Leaving pictures aside, restate exactly the lines of the data below, from the first one through the line that contains "Награды: орден Славы".
GIVEN DATA: Begin
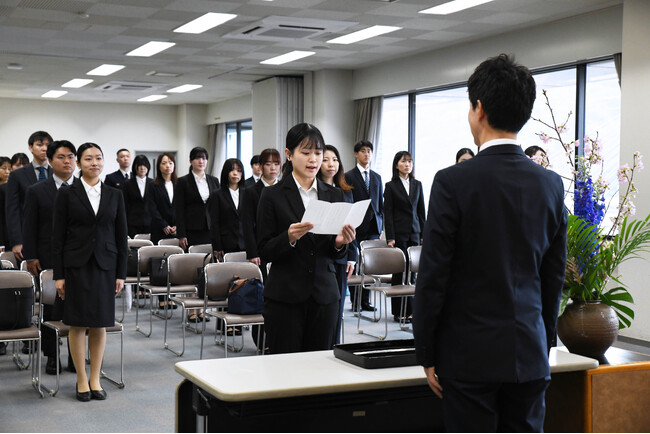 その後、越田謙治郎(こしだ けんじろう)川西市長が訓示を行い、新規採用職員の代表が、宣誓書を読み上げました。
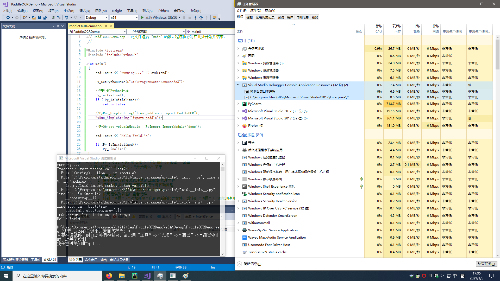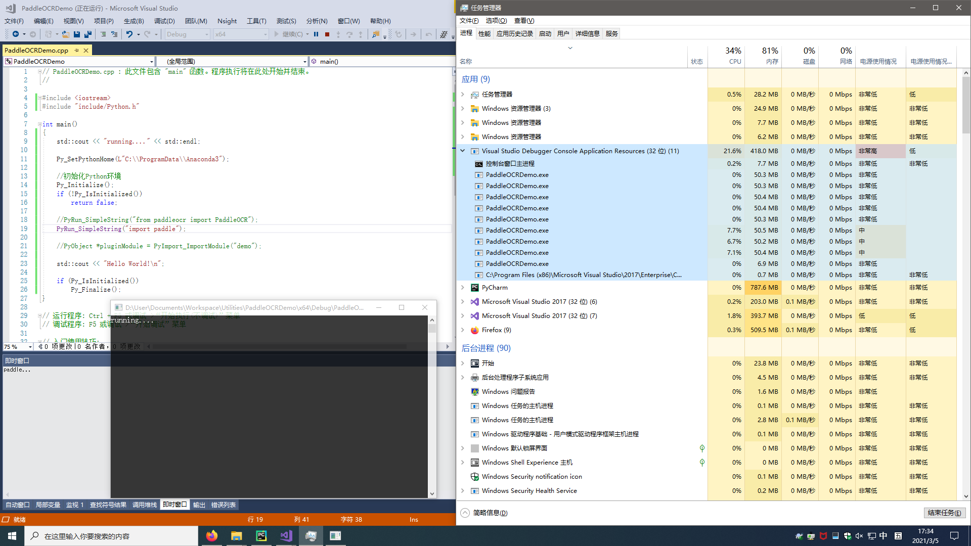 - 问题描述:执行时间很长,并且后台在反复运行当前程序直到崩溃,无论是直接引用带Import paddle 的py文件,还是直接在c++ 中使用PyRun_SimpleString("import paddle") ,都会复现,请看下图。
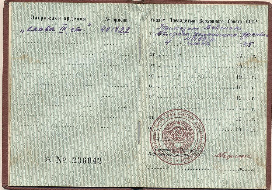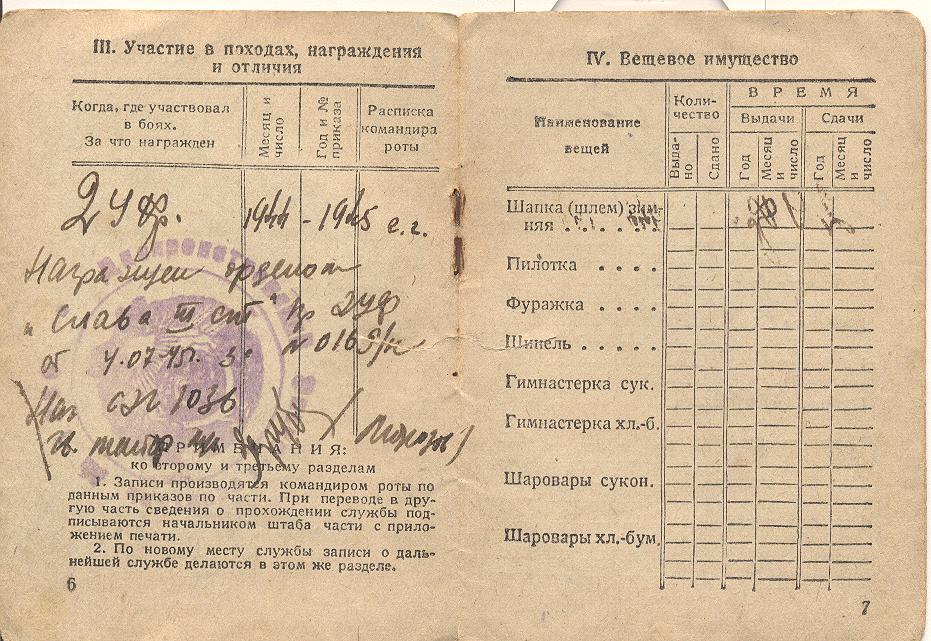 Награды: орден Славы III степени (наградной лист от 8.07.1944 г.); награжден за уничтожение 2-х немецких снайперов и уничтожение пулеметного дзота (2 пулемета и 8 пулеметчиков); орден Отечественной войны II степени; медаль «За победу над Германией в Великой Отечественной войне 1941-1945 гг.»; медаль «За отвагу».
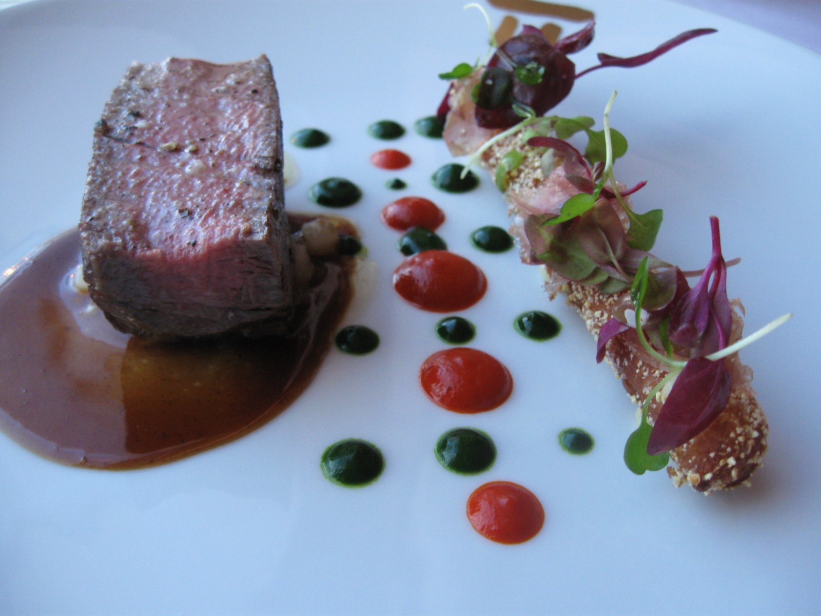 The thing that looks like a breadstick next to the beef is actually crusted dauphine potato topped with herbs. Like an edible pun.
GIVEN DATA: End
- RESULT FOR THIS EXERCISE -
 その後、越田謙治郎(こしだ けんじろう)川西市長が訓示を行い、新規採用職員の代表が、宣誓書を読み上げました。
 - 问题描述:执行时间很长,并且后台在反复运行当前程序直到崩溃,无论是直接引用带Import paddle 的py文件,还是直接在c++ 中使用PyRun_SimpleString("import paddle") ,都会复现,请看下图。
 Награды: орден Славы III степени (наградной лист от 8.07.1944 г.); награжден за уничтожение 2-х немецких снайперов и уничтожение пулеметного дзота (2 пулемета и 8 пулеметчиков); орден Отечественной войны II степени; медаль «За победу над Германией в Великой Отечественной войне 1941-1945 гг.»; медаль «За отвагу».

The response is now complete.